Ezra Klein: Let’s start with the basics. How does SaveGo work?
Alice Rivlin: The idea is the Congress would agree to a path for deficit savings. So say they said they wanted to stabilize the debt at 60 percent of GDP over the next 10 years. Then they’d decide how much total money they’d need — in both savings and revenues — to get there. If they didn’t enact legislation over time to meet those targets, there’d be a set of automatic cuts to discretionary spending and entitlement spending, and automatic increases in revenues.
EK: This proposal seems to fit into an expanding group of procedural reforms that could become part of the debt-ceiling debate. The other obvious ones are the Senate Republicans’ balanced budget amendment, the McCaskill-Corker spending cap and the president’s trigger. How does this fit in?
AR: Let me take them one by one. A balanced budget amendment has at least two difficulties.
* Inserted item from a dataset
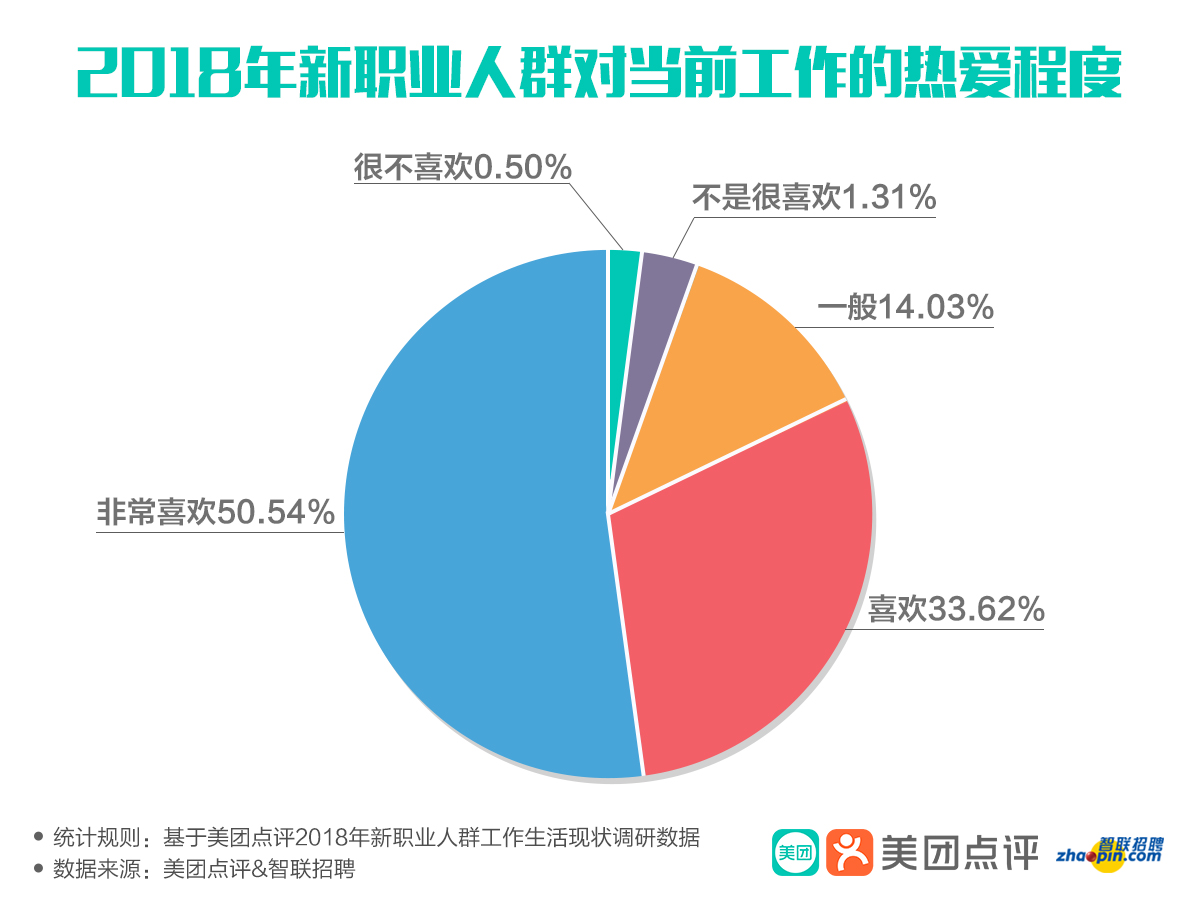 入職原因數(shù)據(jù)充分佐證了這一結(jié)論。報告發(fā)現(xiàn),“喜歡這個行業(yè)和職業(yè)”,這是新職業(yè)人群最普遍的入職原因。73.67%的新職業(yè)人群,是因?yàn)閮?nèi)心喜歡而選擇這份工作。談及對當(dāng)前工作的熱愛程度,50.54%的人對工作表示“非常喜歡”,對工作表示“喜歡”的有33.62%;對當(dāng)前工作表示不喜歡的,占比僅有1.81%。
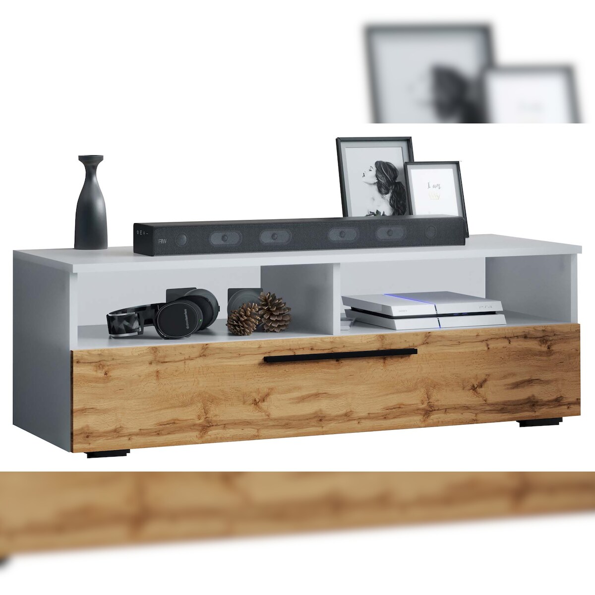 Ebuy24 ArilaXL TV Tisch 1 Klaptür 2 Ablagen weiß, Eiche dekor.

The first is that balancing the budget is not always appropriate. Temporary deficits necessitated by recession or war are not bad. A constitutional amendment can be written to allow for exceptions, but it becomes very complex. The second difficulty is it takes a long time to amend the Constitution. You need two-thirds of the Congress and three-quarters of the states. We haven’t got years. We need to do something quickly.
Another option is an overall spending target, but reducing spending isn’t the only way to reduce debt. Increasing revenues is another way, and in my opinion and in the opinion of the bipartisan deficit reduction task forces on which I’ve served, we need to do both. The president’s trigger seems to use the debt-to-GDP ratio, but the problem with using that measure is that it can change because debt went up or it can change because GDP dropped. The advantage of SaveGo is you’ve set a target in terms of dollar savings which can actually be voted on. It’s a variation on the pay-go process we had in the Budget Balance Act of 1990, which turned out to be very useful.
EK: Why not simply use pay-go?
AR: Because circumstances have changed. Pay-go was structured to prevent Congress from making future deficits worse. You had to offset tax cuts and entitlement increases that would increase deficits. But we’re now in a different situation, because even without enacting legislation, we will have a rapidly rising debt because of the demographic and middle-class entitlements, and that’s why we need a different mechanism, a stronger mechanism, that will force future savings, not just offsets.
EK: One thing I like about the SaveGo idea is that it seems to move the consequences for not agreeing on a deficit-reduction plan from causing an unnecessary financial crisis to automatic actions that reduce the deficit. That seems more sensible. But on the debt ceiling itself, you’re a veteran of these fights, so I’m curious: Is the debt ceiling worth having?
AR: Oh, no. I don’t think it’s a good thing. But we’ve got it and we’ve got it at a moment in which our debt is going to be rising rapidly, so the idea that you use it to force some sensible actions is not all wrong. But I wouldn’t have put it there in the first place.